• Work order
What's needed is a word-for-word retyping of the entries below, pictures omitted.

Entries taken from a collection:
····················

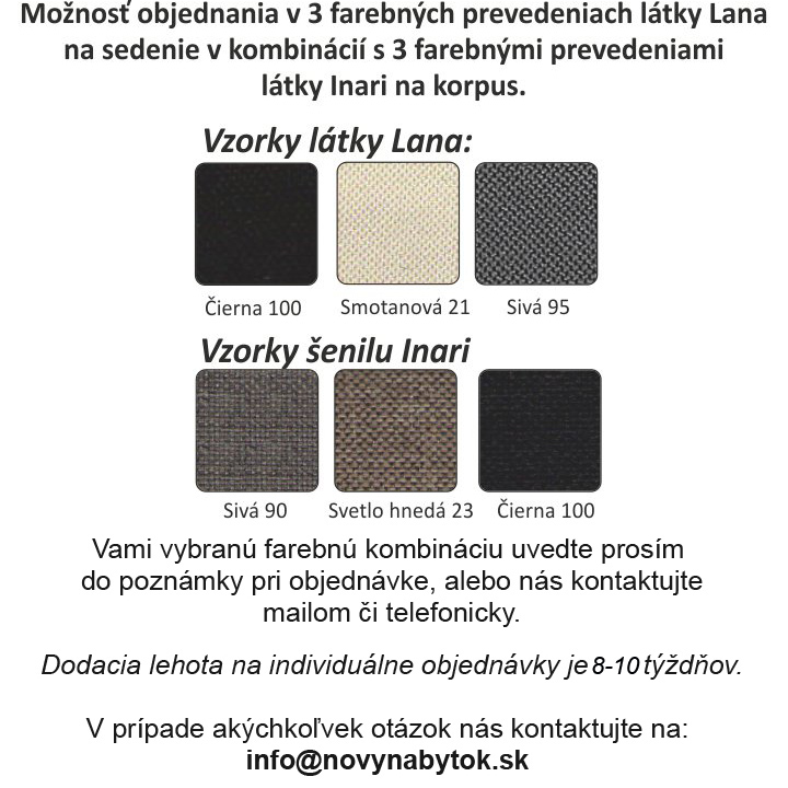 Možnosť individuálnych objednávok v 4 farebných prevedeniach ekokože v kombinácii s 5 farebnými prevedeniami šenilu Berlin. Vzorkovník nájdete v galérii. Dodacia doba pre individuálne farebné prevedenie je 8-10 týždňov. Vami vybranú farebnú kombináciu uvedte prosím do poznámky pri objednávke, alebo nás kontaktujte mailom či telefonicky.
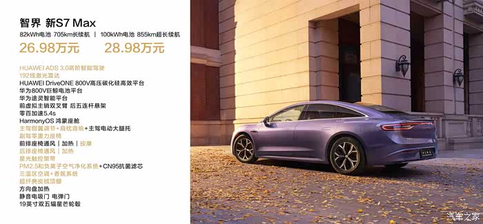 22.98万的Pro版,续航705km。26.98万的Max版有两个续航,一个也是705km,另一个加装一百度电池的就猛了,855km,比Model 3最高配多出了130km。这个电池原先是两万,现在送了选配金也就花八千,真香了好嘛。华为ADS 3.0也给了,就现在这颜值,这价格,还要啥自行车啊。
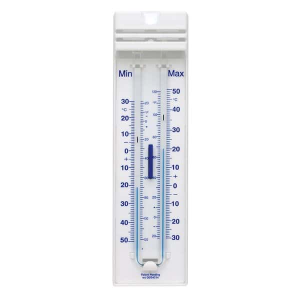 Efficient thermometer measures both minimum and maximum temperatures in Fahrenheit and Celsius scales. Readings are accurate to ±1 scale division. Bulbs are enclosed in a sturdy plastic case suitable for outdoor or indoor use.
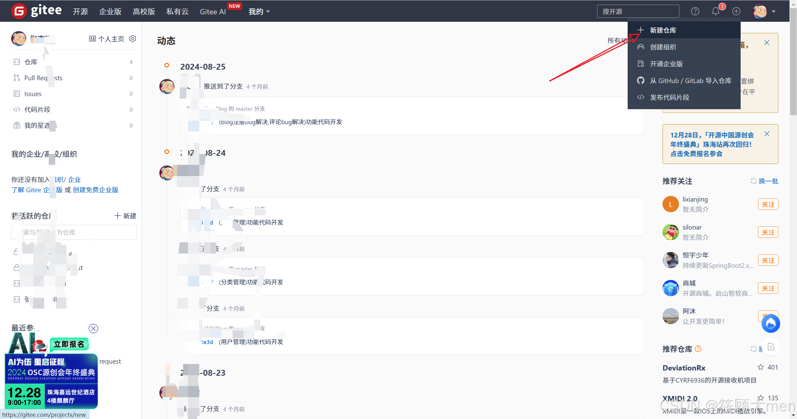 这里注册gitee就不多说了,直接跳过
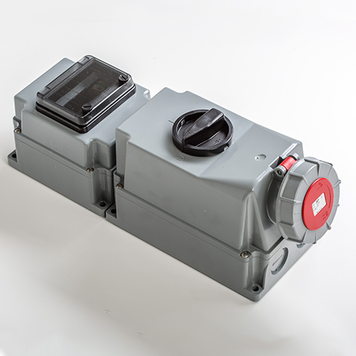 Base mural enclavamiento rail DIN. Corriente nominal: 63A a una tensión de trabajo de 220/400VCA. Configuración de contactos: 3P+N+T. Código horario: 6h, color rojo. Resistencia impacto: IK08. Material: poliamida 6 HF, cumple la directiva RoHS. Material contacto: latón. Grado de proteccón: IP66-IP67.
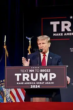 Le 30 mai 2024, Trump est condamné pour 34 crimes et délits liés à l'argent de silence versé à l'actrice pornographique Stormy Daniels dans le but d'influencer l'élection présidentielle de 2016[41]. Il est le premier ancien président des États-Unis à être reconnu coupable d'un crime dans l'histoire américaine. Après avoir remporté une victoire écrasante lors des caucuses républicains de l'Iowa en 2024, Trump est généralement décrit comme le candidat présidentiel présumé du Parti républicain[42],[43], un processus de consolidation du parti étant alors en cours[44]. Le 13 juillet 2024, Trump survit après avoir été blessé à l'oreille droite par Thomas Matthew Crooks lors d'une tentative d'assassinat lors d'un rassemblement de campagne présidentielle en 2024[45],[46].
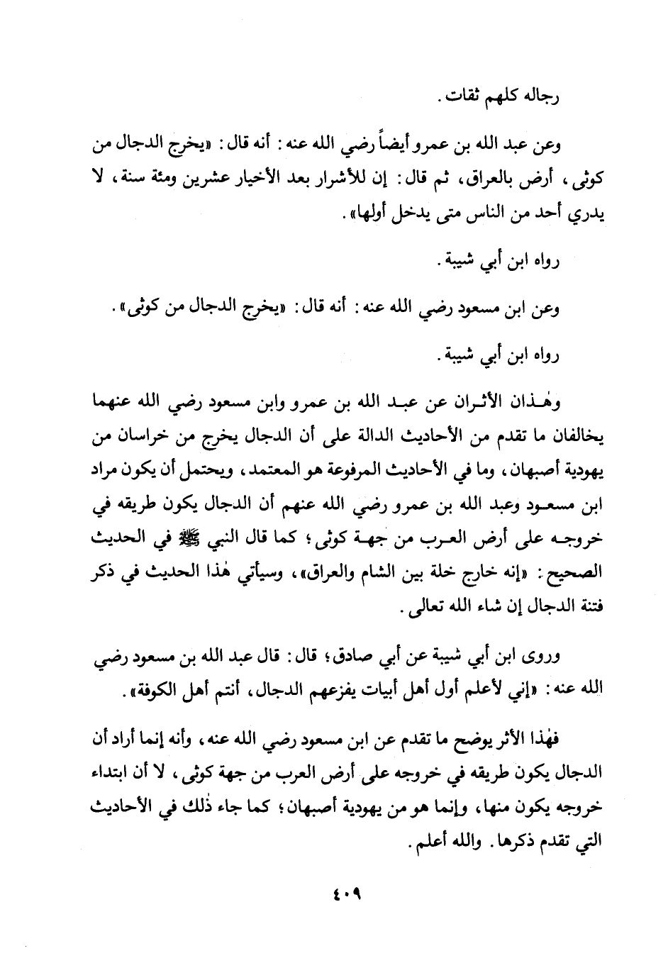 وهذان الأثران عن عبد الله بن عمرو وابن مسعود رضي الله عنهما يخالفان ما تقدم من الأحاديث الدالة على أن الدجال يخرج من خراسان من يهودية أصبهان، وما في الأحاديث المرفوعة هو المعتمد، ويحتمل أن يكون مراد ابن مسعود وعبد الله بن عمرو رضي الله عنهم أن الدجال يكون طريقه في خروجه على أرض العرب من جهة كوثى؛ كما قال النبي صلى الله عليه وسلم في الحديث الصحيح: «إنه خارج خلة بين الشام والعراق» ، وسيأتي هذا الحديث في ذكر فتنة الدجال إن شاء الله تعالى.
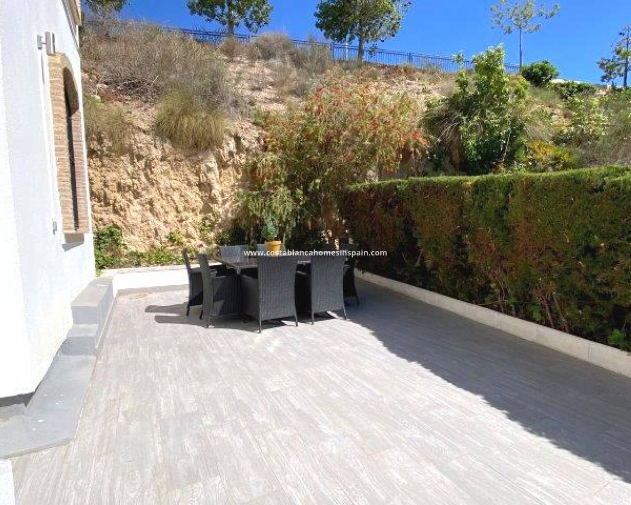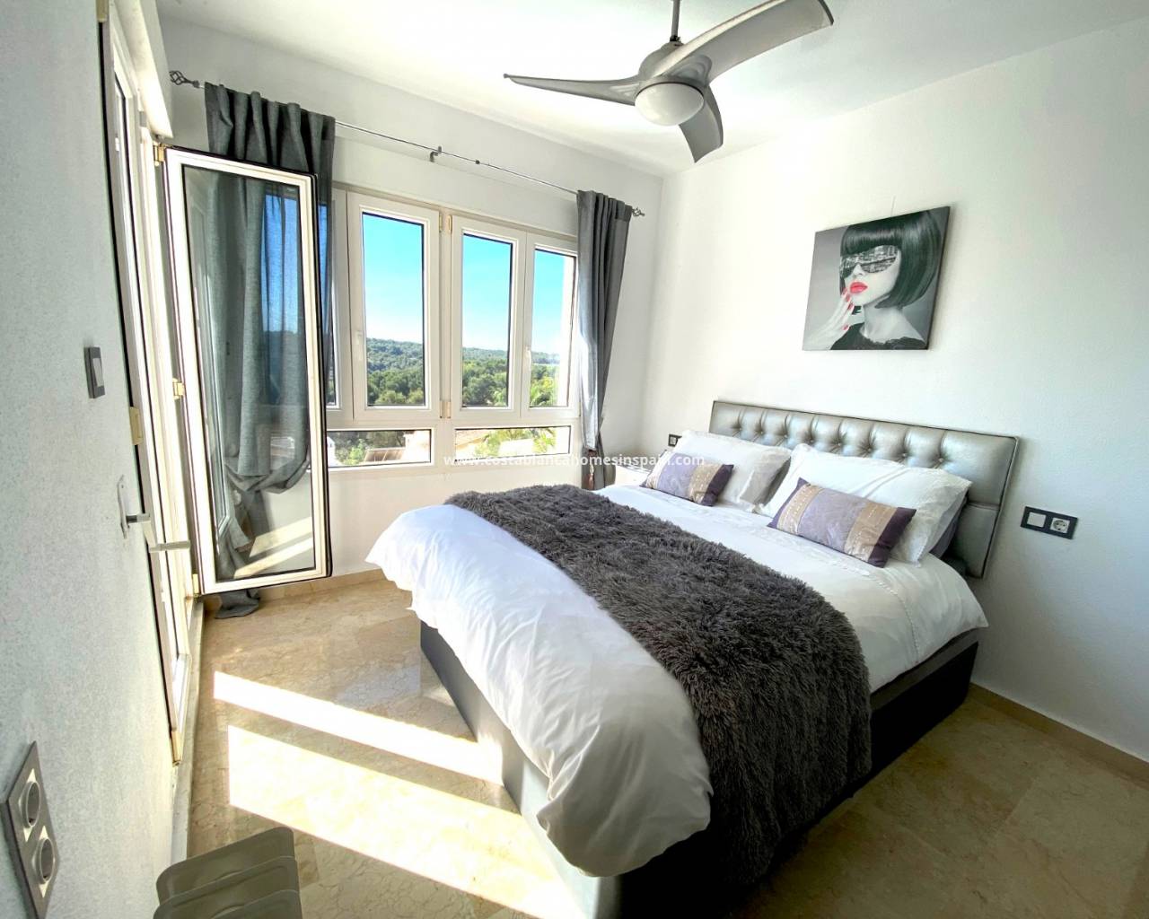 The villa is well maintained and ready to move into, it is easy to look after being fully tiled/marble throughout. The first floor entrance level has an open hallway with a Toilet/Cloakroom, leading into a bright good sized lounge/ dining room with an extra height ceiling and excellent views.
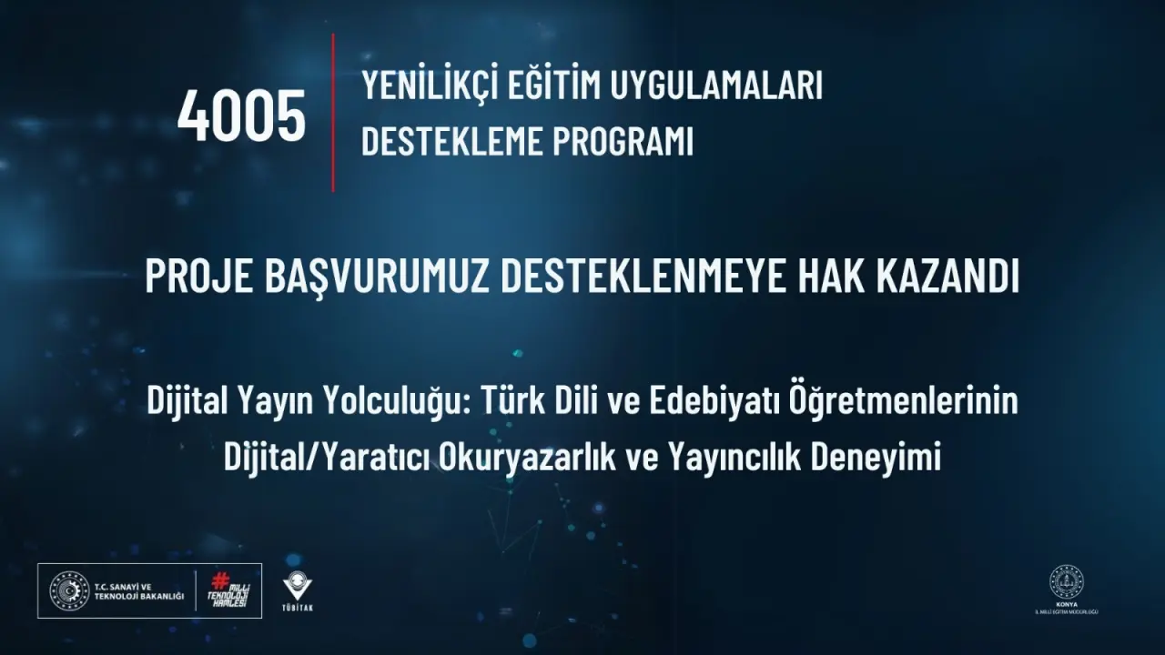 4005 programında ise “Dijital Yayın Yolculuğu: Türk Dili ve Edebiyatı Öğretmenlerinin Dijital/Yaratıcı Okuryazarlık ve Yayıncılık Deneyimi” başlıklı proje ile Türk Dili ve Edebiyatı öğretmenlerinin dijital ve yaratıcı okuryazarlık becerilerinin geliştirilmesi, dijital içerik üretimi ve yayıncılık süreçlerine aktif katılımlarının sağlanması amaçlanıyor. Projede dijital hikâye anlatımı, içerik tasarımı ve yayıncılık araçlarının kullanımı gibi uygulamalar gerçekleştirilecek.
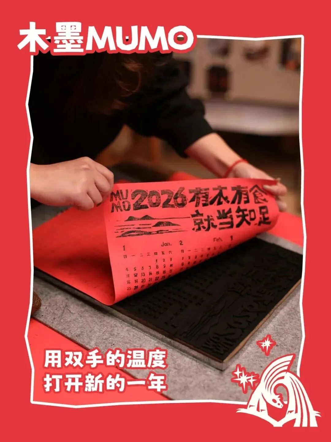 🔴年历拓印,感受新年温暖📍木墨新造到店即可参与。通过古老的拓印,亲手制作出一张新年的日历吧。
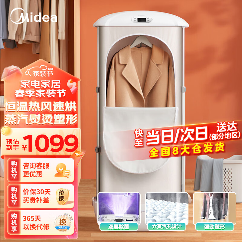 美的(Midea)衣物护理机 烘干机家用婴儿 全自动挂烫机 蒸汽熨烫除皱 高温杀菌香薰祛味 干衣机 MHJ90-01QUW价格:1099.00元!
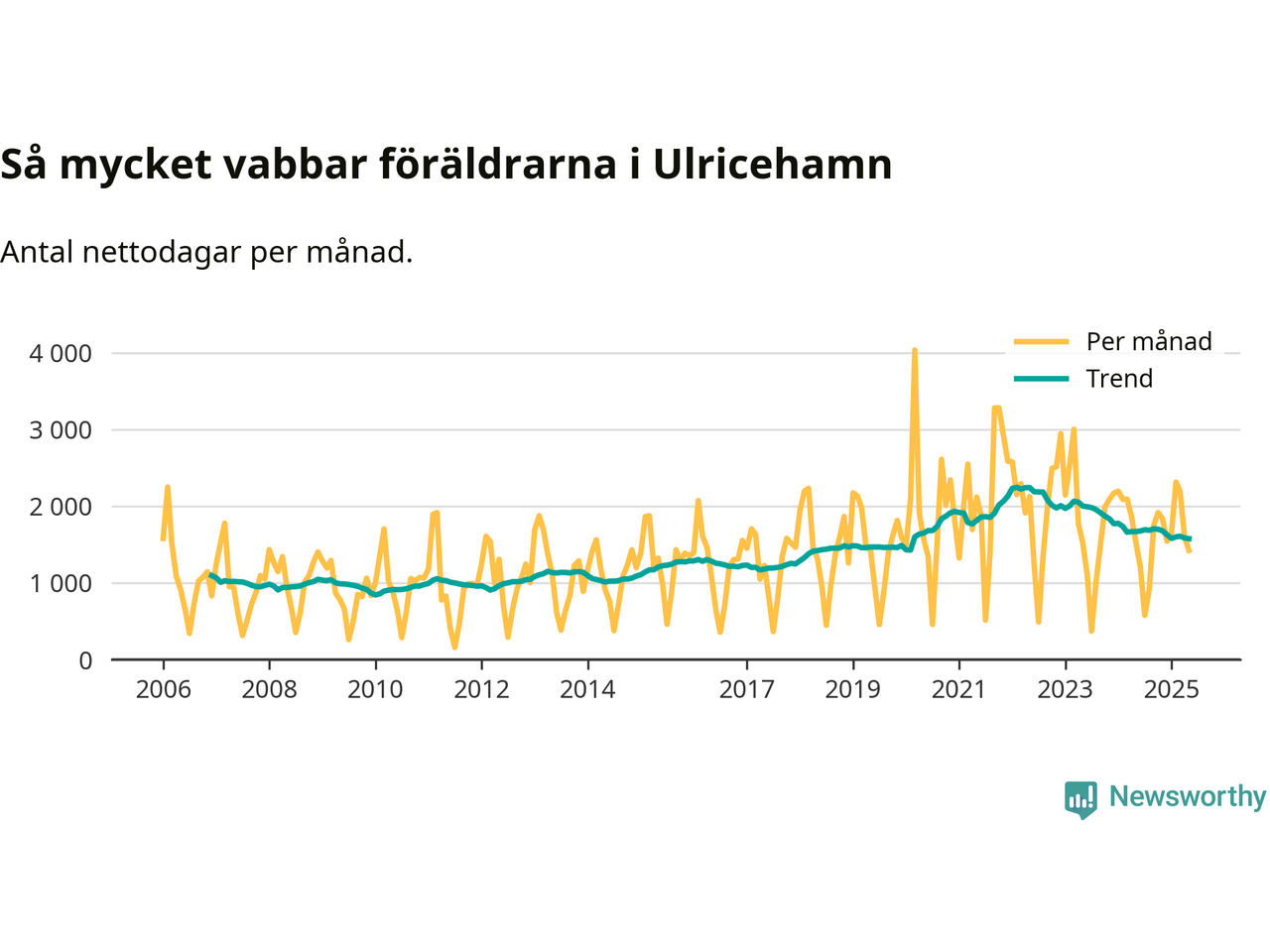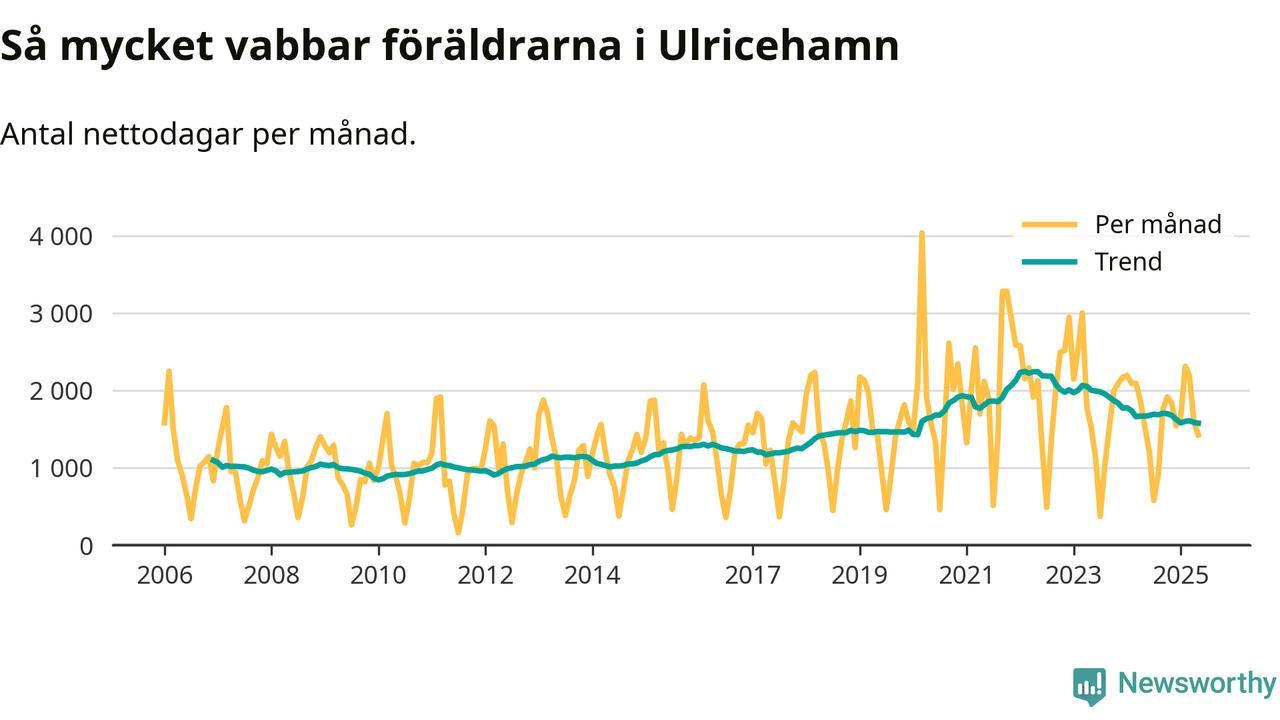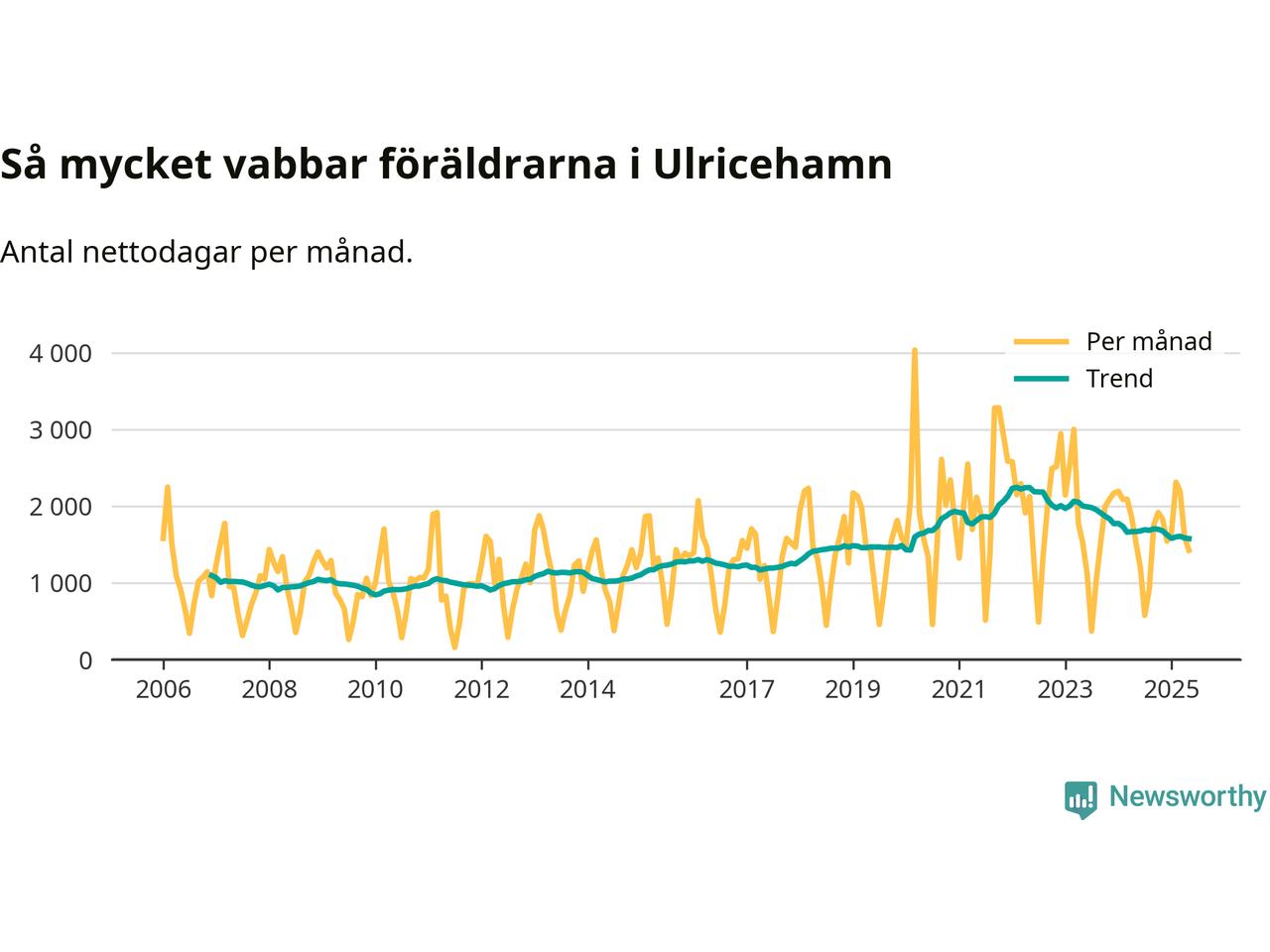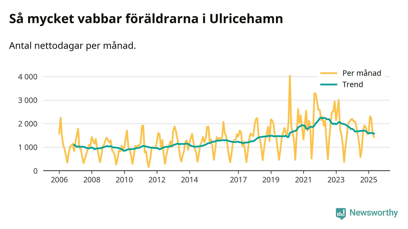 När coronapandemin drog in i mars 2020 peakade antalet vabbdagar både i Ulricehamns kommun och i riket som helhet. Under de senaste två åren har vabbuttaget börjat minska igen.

····················

• Written response
 Možnosť individuálnych objednávok v 4 farebných prevedeniach ekokože v kombinácii s 5 farebnými prevedeniami šenilu Berlin. Vzorkovník nájdete v galérii. Dodacia doba pre individuálne farebné prevedenie je 8-10 týždňov. Vami vybranú farebnú kombináciu uvedte prosím do poznámky pri objednávke, alebo nás kontaktujte mailom či telefonicky.
 22.98万的Pro版,续航705km。26.98万的Max版有两个续航,一个也是705km,另一个加装一百度电池的就猛了,855km,比Model 3最高配多出了130km。这个电池原先是两万,现在送了选配金也就花八千,真香了好嘛。华为ADS 3.0也给了,就现在这颜值,这价格,还要啥自行车啊。
 Efficient thermometer measures both minimum and maximum temperatures in Fahrenheit and Celsius scales. Readings are accurate to ±1 scale division. Bulbs are enclosed in a sturdy plastic case suitable for outdoor or indoor use.
 这里注册gitee就不多说了,直接跳过
 Base mural enclavamiento rail DIN. Corriente nominal: 63A a una tensión de trabajo de 220/400VCA. Configuración de contactos: 3P+N+T. Código horario: 6h, color rojo. Resistencia impacto: IK08. Material: poliamida 6 HF, cumple la directiva RoHS. Material contacto: latón. Grado de proteccón: IP66-IP67.
 Le 30 mai 2024, Trump est condamné pour 34 crimes et délits liés à l'argent de silence versé à l'actrice pornographique Stormy Daniels dans le but d'influencer l'élection présidentielle de 2016[41]. Il est le premier ancien président des États-Unis à être reconnu coupable d'un crime dans l'histoire américaine. Après avoir remporté une victoire écrasante lors des caucuses républicains de l'Iowa en 2024, Trump est généralement décrit comme le candidat présidentiel présumé du Parti républicain[42],[43], un processus de consolidation du parti étant alors en cours[44]. Le 13 juillet 2024, Trump survit après avoir été blessé à l'oreille droite par Thomas Matthew Crooks lors d'une tentative d'assassinat lors d'un rassemblement de campagne présidentielle en 2024[45],[46].
 وهذان الأثران عن عبد الله بن عمرو وابن مسعود رضي الله عنهما يخالفان ما تقدم من الأحاديث الدالة على أن الدجال يخرج من خراسان من يهودية أصبهان، وما في الأحاديث المرفوعة هو المعتمد، ويحتمل أن يكون مراد ابن مسعود وعبد الله بن عمرو رضي الله عنهم أن الدجال يكون طريقه في خروجه على أرض العرب من جهة كوثى؛ كما قال النبي صلى الله عليه وسلم في الحديث الصحيح: «إنه خارج خلة بين الشام والعراق» ، وسيأتي هذا الحديث في ذكر فتنة الدجال إن شاء الله تعالى.
 The villa is well maintained and ready to move into, it is easy to look after being fully tiled/marble throughout. The first floor entrance level has an open hallway with a Toilet/Cloakroom, leading into a bright good sized lounge/ dining room with an extra height ceiling and excellent views.
 4005 programında ise “Dijital Yayın Yolculuğu: Türk Dili ve Edebiyatı Öğretmenlerinin Dijital/Yaratıcı Okuryazarlık ve Yayıncılık Deneyimi” başlıklı proje ile Türk Dili ve Edebiyatı öğretmenlerinin dijital ve yaratıcı okuryazarlık becerilerinin geliştirilmesi, dijital içerik üretimi ve yayıncılık süreçlerine aktif katılımlarının sağlanması amaçlanıyor. Projede dijital hikâye anlatımı, içerik tasarımı ve yayıncılık araçlarının kullanımı gibi uygulamalar gerçekleştirilecek.
 🔴年历拓印,感受新年温暖📍木墨新造到店即可参与。通过古老的拓印,亲手制作出一张新年的日历吧。
 美的(Midea)衣物护理机 烘干机家用婴儿 全自动挂烫机 蒸汽熨烫除皱 高温杀菌香薰祛味 干衣机 MHJ90-01QUW价格:1099.00元!
 När coronapandemin drog in i mars 2020 peakade antalet vabbdagar både i Ulricehamns kommun och i riket som helhet. Under de senaste två åren har vabbuttaget börjat minska igen.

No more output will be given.